> ASSIGNMENT
Starting at the line that has "Mapa przedstawia to" and stopping after the line that has "Set de sofás", reproduce the listing below exactly; omit everything else.
====== STORED DATA ======
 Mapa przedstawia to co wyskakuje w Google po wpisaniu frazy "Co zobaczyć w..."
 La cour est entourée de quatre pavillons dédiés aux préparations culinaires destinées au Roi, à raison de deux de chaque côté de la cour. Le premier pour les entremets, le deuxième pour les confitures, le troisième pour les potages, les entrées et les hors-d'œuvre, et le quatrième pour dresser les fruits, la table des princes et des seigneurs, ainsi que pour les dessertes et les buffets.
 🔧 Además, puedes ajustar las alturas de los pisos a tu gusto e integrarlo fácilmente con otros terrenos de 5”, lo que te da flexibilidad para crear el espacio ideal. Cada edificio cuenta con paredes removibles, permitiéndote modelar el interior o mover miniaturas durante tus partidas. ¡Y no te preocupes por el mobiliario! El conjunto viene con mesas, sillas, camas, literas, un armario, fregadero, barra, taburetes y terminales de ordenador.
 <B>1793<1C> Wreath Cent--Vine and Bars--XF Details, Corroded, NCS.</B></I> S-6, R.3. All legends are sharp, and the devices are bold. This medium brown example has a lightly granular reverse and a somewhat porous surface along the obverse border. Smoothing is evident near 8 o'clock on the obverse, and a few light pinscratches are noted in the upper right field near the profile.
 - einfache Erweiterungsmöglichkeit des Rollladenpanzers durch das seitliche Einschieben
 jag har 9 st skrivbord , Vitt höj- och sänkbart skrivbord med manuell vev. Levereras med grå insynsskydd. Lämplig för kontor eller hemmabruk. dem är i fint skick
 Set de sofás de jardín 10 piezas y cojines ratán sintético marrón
======
====== STORED DATA ======
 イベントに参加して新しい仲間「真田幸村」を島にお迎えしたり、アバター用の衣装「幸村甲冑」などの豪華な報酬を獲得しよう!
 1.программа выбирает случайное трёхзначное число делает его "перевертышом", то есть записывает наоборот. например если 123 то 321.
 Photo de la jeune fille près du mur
======
> EXPECTED OUTPUT
 Mapa przedstawia to co wyskakuje w Google po wpisaniu frazy "Co zobaczyć w..."
 La cour est entourée de quatre pavillons dédiés aux préparations culinaires destinées au Roi, à raison de deux de chaque côté de la cour. Le premier pour les entremets, le deuxième pour les confitures, le troisième pour les potages, les entrées et les hors-d'œuvre, et le quatrième pour dresser les fruits, la table des princes et des seigneurs, ainsi que pour les dessertes et les buffets.
 🔧 Además, puedes ajustar las alturas de los pisos a tu gusto e integrarlo fácilmente con otros terrenos de 5”, lo que te da flexibilidad para crear el espacio ideal. Cada edificio cuenta con paredes removibles, permitiéndote modelar el interior o mover miniaturas durante tus partidas. ¡Y no te preocupes por el mobiliario! El conjunto viene con mesas, sillas, camas, literas, un armario, fregadero, barra, taburetes y terminales de ordenador.
 <B>1793<1C> Wreath Cent--Vine and Bars--XF Details, Corroded, NCS.</B></I> S-6, R.3. All legends are sharp, and the devices are bold. This medium brown example has a lightly granular reverse and a somewhat porous surface along the obverse border. Smoothing is evident near 8 o'clock on the obverse, and a few light pinscratches are noted in the upper right field near the profile.
 - einfache Erweiterungsmöglichkeit des Rollladenpanzers durch das seitliche Einschieben
 jag har 9 st skrivbord , Vitt höj- och sänkbart skrivbord med manuell vev. Levereras med grå insynsskydd. Lämplig för kontor eller hemmabruk. dem är i fint skick
 Set de sofás de jardín 10 piezas y cojines ratán sintético marrón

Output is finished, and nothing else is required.